[Records from a data source]
════

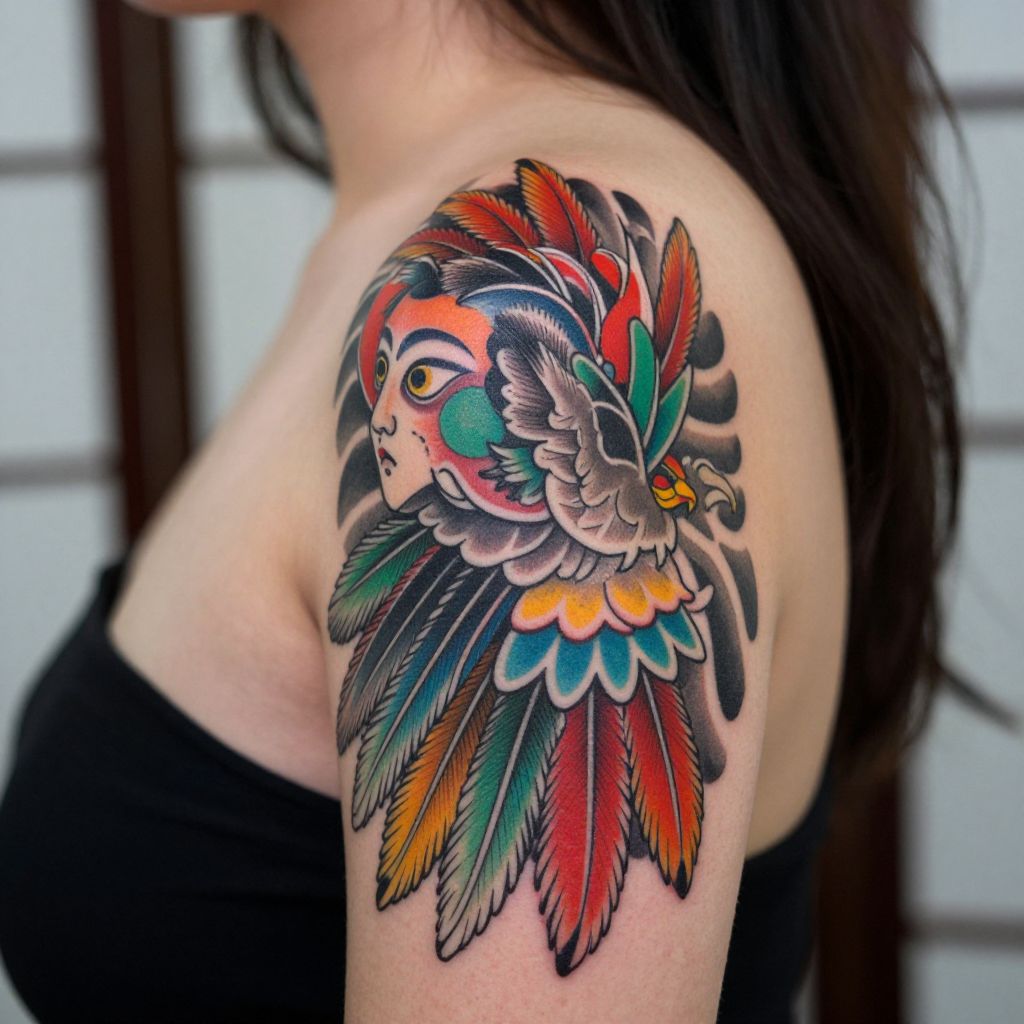This is a close-up photo of a person's shoulder and upper arm, showcasing a vibrant, detailed tattoo of a traditional Japanese-style bird with colorful feathers and a human face. The tattoo features bright reds, blues, greens, and yellows, with intricate shading and line work. The person's neck and dark brown hair are partially visible in the background. The overall style is bold and artistic.
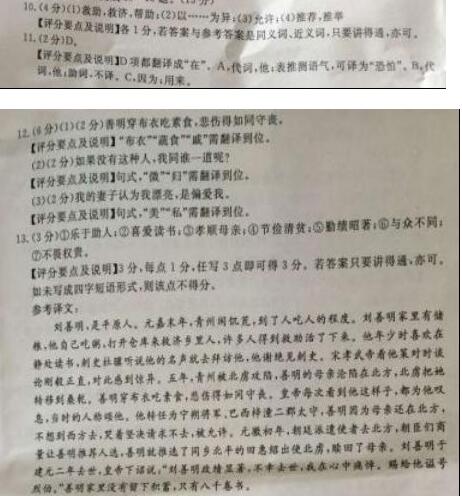 刘善明,平原人。元嘉末,青州饥荒,人相食。善明家有积粟,躬食饘①粥,开仓以救乡里,多获全济。少而静处读书,刺史杜骥闻名候之,辞不相见。宋孝武见其对策强直,甚异之。五年,青州没虏,善明母陷北,虏移置桑乾。善明布衣蔬食,哀戚如持丧②。帝每见,为之叹息,时人称之。转宁朔将军、巴西梓潼二郡太守,善明以母在虏中,不愿西行,涕泣固请,见许。元徽初,遣北使,朝议令善明举人,善明举州乡北平田惠绍使虏,赎得母还。建元二年卒,诏曰:“善明勤绩昭著,不幸殒丧,痛悼于怀。谥烈伯。”善明家无遗储,唯有书八千卷。 (选自《二十四史·南齐书》,有删节) 【注】①饘:zhān稠粥。②持丧:守丧。③见:被。 10.解释下列句中加点的实词。(4分) (1)多获全济() (2)甚异之 () (3)见许 ( ) (4)朝议令善明举人( ) 11.下列加点词的意义和用法都相同的一组是(2分) A.宋孝武见其对策强直 其真不知马也 (《马说》) B.为之叹息 是吾剑之所从坠 (《刻舟求剑》) C.善明以母在虏中 以俟夫观人风者得焉 (《捕蛇者说》) D.痛悼于怀 往来于荒村野水之间 (《治水必躬亲》) 12.翻译下列句子。(6分) (1)善明布衣蔬食,哀戚如持丧。 (2)微斯人,吾谁与归?(《岳阳楼记》) (3)吾妻之美我者,私我也。(《邹忌讽齐王纳谏》) 13.请用四字短语简要概括刘善明的特征。(3分) 参考答案 10. 救助,救济,帮助; 以 为异 允许 推荐,推举 11.D 项 都翻译成“在” ![]() 善明家里没有留下积蓄,只有八千卷书。
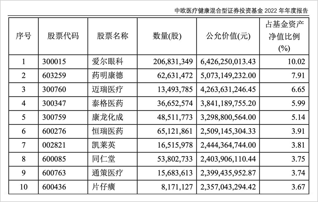 ▲图源:中欧医疗健康混合型证券投资基金,2022年年度报告
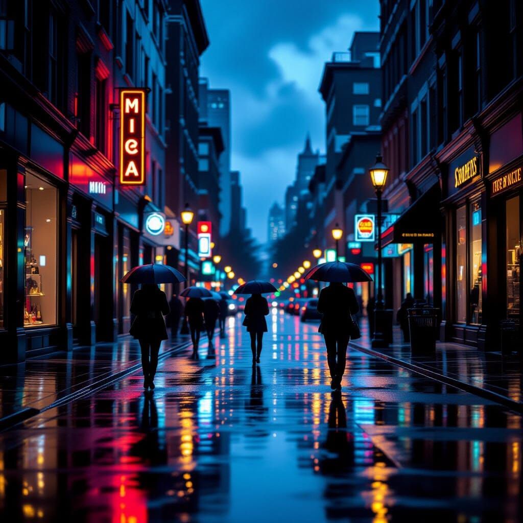 This image captures a cinematic urban street after rain, with wet asphalt reflecting vibrant neon lights and glowing lamps. People with umbrellas navigate the glistening scene, creating a nostalgic and immersive atmosphere.
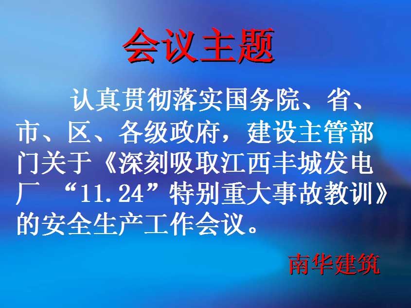 11月29日,公司組織公司職員、在建項目部負責(zé)人以及相關(guān)人員在公司會議廳召開安全生產(chǎn)緊急會議,認真貫徹落實國務(wù)院、省、市、區(qū)、各級政府安全生產(chǎn)工作緊急視頻會議精神、建設(shè)主管部門關(guān)于《深刻吸取江西豐城發(fā)電廠“11.24”特別重大事故教訓(xùn)》文件精神。會議上,公司部門負責(zé)人對承建的在建項目的安全及進度情況進行匯報,分析工程施工上需嚴格加強防范的各個重大危險源,指導(dǎo)安全生產(chǎn)技術(shù)措施,提出具體安全安排措施,要求各項目按照以下要求切實抓好公司安全生產(chǎn)工作:
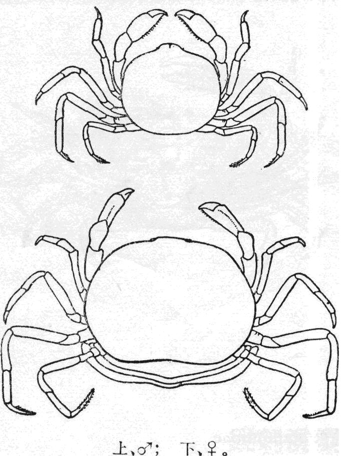 雌性:头胸甲近圆形,宽度大于长度,表面光滑,稍隆起,前、后侧角弧形,侧拱起,后緣中部凹入。额窄,向下弯曲。眼窝小而呈圆形,眼柄甚短。第三颚足的指节短小,呈窄条状,不超越前节的末端。螯足光滑,长节圆柱形,腕节长大于宽,掌节末部寬于基部,且蛟指长,可动指内緣基部1...
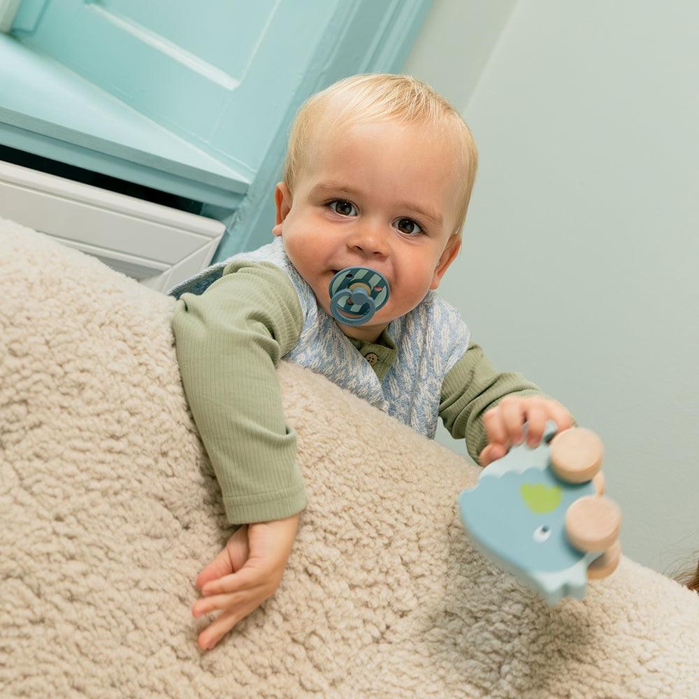 Соска-пустышка оснащена клапаном, который позволяет воздуху выходить, когда ребенок закрывает рот, и принимает естественную форму ротовой полости ребенка.
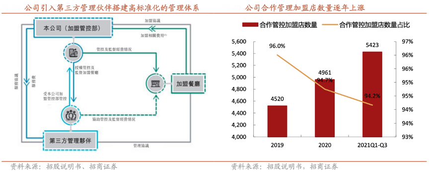 經典案例:根據招股說明書、招商證券等綜合資訊表明,為確保楊國福公司能通過加盟模式實現全國范圍內的高速拓 店,早于 2010 年其公司便引入了第三方管理伙伴機制以提高對加盟商的監管,目前公司除上海、四川、海南、西藏、 新疆以外的加盟餐廳為直接管轄外,國內其他區域均為合作管理區域。截至 2021 年 Q3,公司擁有第三方管理伙伴 18 人,所有合作管理伙伴均為加盟商,合作管理門店數量達到 5423 家,占加盟餐廳數量的94.2%。
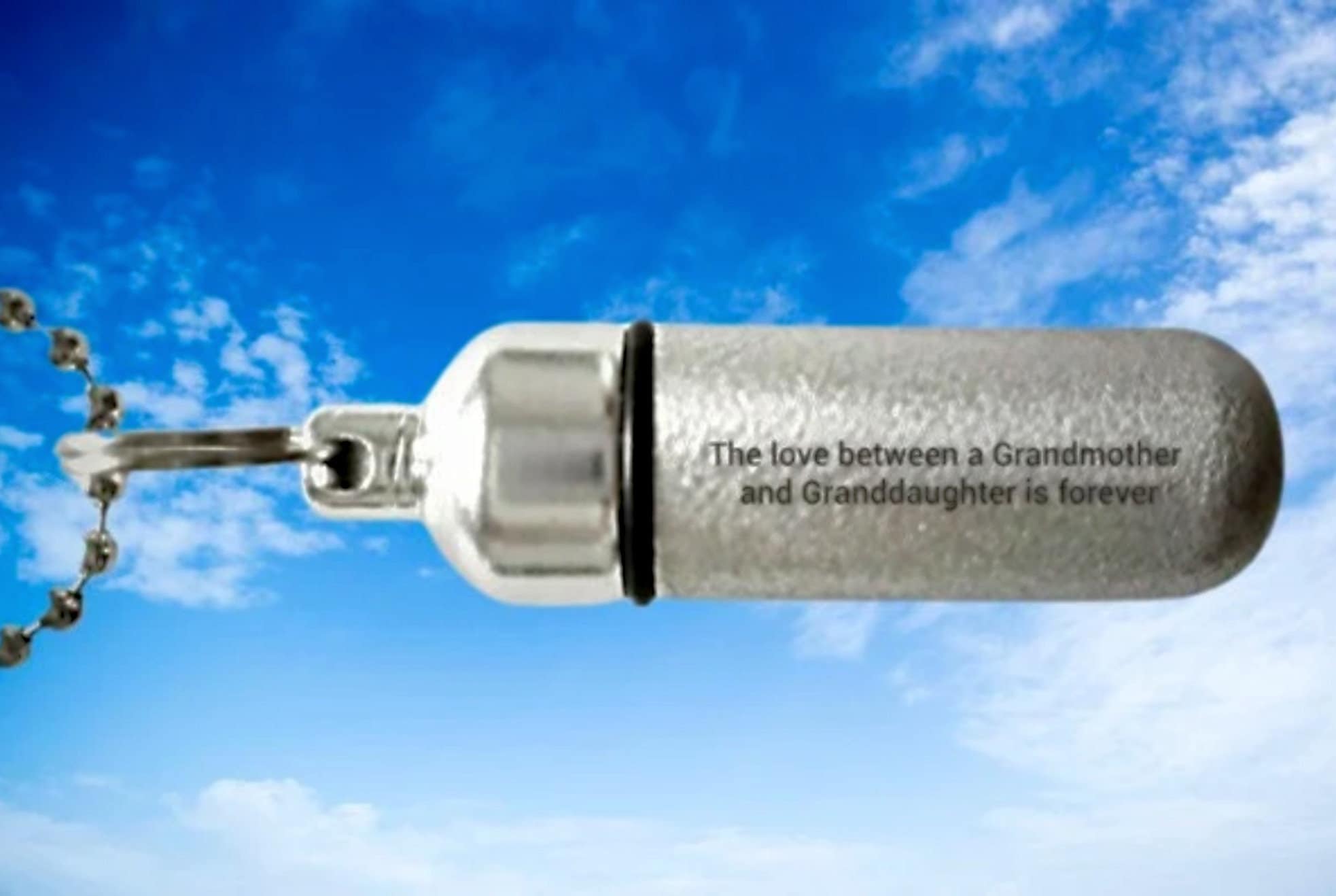 Sturdy, discreet, and secure, this Urn is 1-3/4 inches tall and has a small clear container inside to hold a small amount of your loved ones ashes. Keep them close to you always. Urn is made of aircraft-grade anodized aluminum and will last forever. The urn unscrews to reveal the storage chamber. Inside there is a clear container to keep the ashes safe and dry. A rubber gasket on the screw-on cap provides a waterproof seal. These urns are strong and lightweight enough to carry every day and fits nicely on a keyring or a necklace.
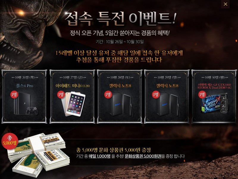 15레벨 이상 달성 유저 중 해당일자에 접속만 하면 추첨을 통해 경품을 지급해주는 이벤트를 하더라고요.
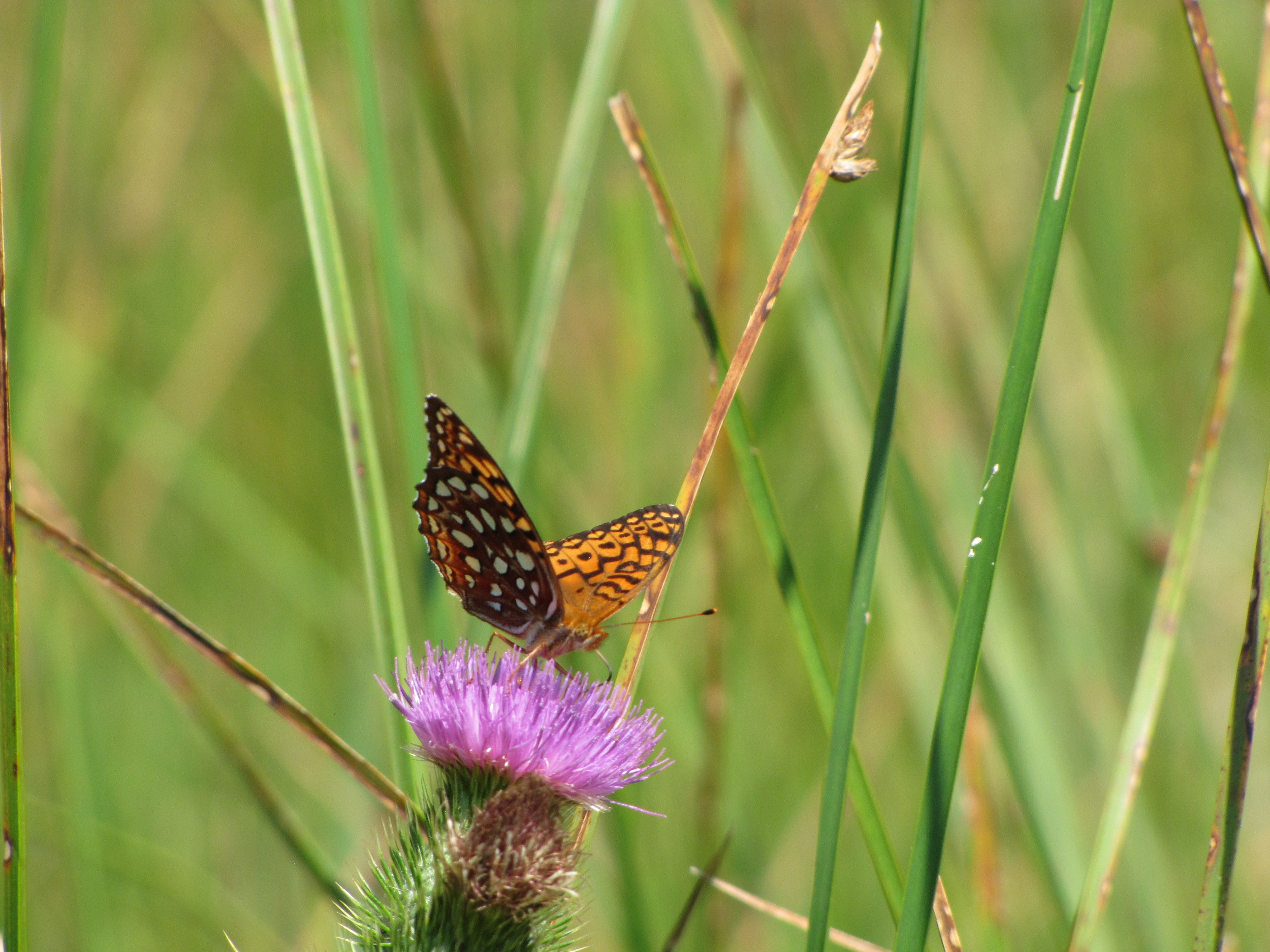 An Aphrodite butterfly visits a thistle at Harbor Island National Wildlife Refuge in Michigan.
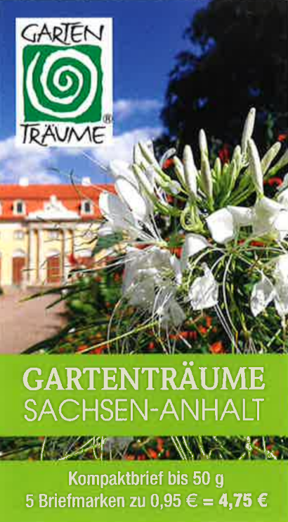 Die 95er Serie „Gartenträume" als 5er-Markenheftchen erhältlich. Das 5er-Markenheftchen beinhaltet jeweils die fünf verschiedene Motive der Wertstufe.

════

_What you need to do:_ Repeat the data exactly, without the pictures.

_Answer section:_
This is a close-up photo of a person's shoulder and upper arm, showcasing a vibrant, detailed tattoo of a traditional Japanese-style bird with colorful feathers and a human face. The tattoo features bright reds, blues, greens, and yellows, with intricate shading and line work. The person's neck and dark brown hair are partially visible in the background. The overall style is bold and artistic.
 刘善明,平原人。元嘉末,青州饥荒,人相食。善明家有积粟,躬食饘①粥,开仓以救乡里,多获全济。少而静处读书,刺史杜骥闻名候之,辞不相见。宋孝武见其对策强直,甚异之。五年,青州没虏,善明母陷北,虏移置桑乾。善明布衣蔬食,哀戚如持丧②。帝每见,为之叹息,时人称之。转宁朔将军、巴西梓潼二郡太守,善明以母在虏中,不愿西行,涕泣固请,见许。元徽初,遣北使,朝议令善明举人,善明举州乡北平田惠绍使虏,赎得母还。建元二年卒,诏曰:“善明勤绩昭著,不幸殒丧,痛悼于怀。谥烈伯。”善明家无遗储,唯有书八千卷。 (选自《二十四史·南齐书》,有删节) 【注】①饘:zhān稠粥。②持丧:守丧。③见:被。 10.解释下列句中加点的实词。(4分) (1)多获全济() (2)甚异之 () (3)见许 ( ) (4)朝议令善明举人( ) 11.下列加点词的意义和用法都相同的一组是(2分) A.宋孝武见其对策强直 其真不知马也 (《马说》) B.为之叹息 是吾剑之所从坠 (《刻舟求剑》) C.善明以母在虏中 以俟夫观人风者得焉 (《捕蛇者说》) D.痛悼于怀 往来于荒村野水之间 (《治水必躬亲》) 12.翻译下列句子。(6分) (1)善明布衣蔬食,哀戚如持丧。 (2)微斯人,吾谁与归?(《岳阳楼记》) (3)吾妻之美我者,私我也。(《邹忌讽齐王纳谏》) 13.请用四字短语简要概括刘善明的特征。(3分) 参考答案 10. 救助,救济,帮助; 以 为异 允许 推荐,推举 11.D 项 都翻译成“在” ![]() 善明家里没有留下积蓄,只有八千卷书。
 ▲图源:中欧医疗健康混合型证券投资基金,2022年年度报告
 This image captures a cinematic urban street after rain, with wet asphalt reflecting vibrant neon lights and glowing lamps. People with umbrellas navigate the glistening scene, creating a nostalgic and immersive atmosphere.
 11月29日,公司組織公司職員、在建項目部負責(zé)人以及相關(guān)人員在公司會議廳召開安全生產(chǎn)緊急會議,認真貫徹落實國務(wù)院、省、市、區(qū)、各級政府安全生產(chǎn)工作緊急視頻會議精神、建設(shè)主管部門關(guān)于《深刻吸取江西豐城發(fā)電廠“11.24”特別重大事故教訓(xùn)》文件精神。會議上,公司部門負責(zé)人對承建的在建項目的安全及進度情況進行匯報,分析工程施工上需嚴格加強防范的各個重大危險源,指導(dǎo)安全生產(chǎn)技術(shù)措施,提出具體安全安排措施,要求各項目按照以下要求切實抓好公司安全生產(chǎn)工作:
 雌性:头胸甲近圆形,宽度大于长度,表面光滑,稍隆起,前、后侧角弧形,侧拱起,后緣中部凹入。额窄,向下弯曲。眼窝小而呈圆形,眼柄甚短。第三颚足的指节短小,呈窄条状,不超越前节的末端。螯足光滑,长节圆柱形,腕节长大于宽,掌节末部寬于基部,且蛟指长,可动指内緣基部1...
 Соска-пустышка оснащена клапаном, который позволяет воздуху выходить, когда ребенок закрывает рот, и принимает естественную форму ротовой полости ребенка.
 經典案例:根據招股說明書、招商證券等綜合資訊表明,為確保楊國福公司能通過加盟模式實現全國范圍內的高速拓 店,早于 2010 年其公司便引入了第三方管理伙伴機制以提高對加盟商的監管,目前公司除上海、四川、海南、西藏、 新疆以外的加盟餐廳為直接管轄外,國內其他區域均為合作管理區域。截至 2021 年 Q3,公司擁有第三方管理伙伴 18 人,所有合作管理伙伴均為加盟商,合作管理門店數量達到 5423 家,占加盟餐廳數量的94.2%。
 Sturdy, discreet, and secure, this Urn is 1-3/4 inches tall and has a small clear container inside to hold a small amount of your loved ones ashes. Keep them close to you always. Urn is made of aircraft-grade anodized aluminum and will last forever. The urn unscrews to reveal the storage chamber. Inside there is a clear container to keep the ashes safe and dry. A rubber gasket on the screw-on cap provides a waterproof seal. These urns are strong and lightweight enough to carry every day and fits nicely on a keyring or a necklace.
 15레벨 이상 달성 유저 중 해당일자에 접속만 하면 추첨을 통해 경품을 지급해주는 이벤트를 하더라고요.
 An Aphrodite butterfly visits a thistle at Harbor Island National Wildlife Refuge in Michigan.
 Die 95er Serie „Gartenträume" als 5er-Markenheftchen erhältlich. Das 5er-Markenheftchen beinhaltet jeweils die fünf verschiedene Motive der Wertstufe.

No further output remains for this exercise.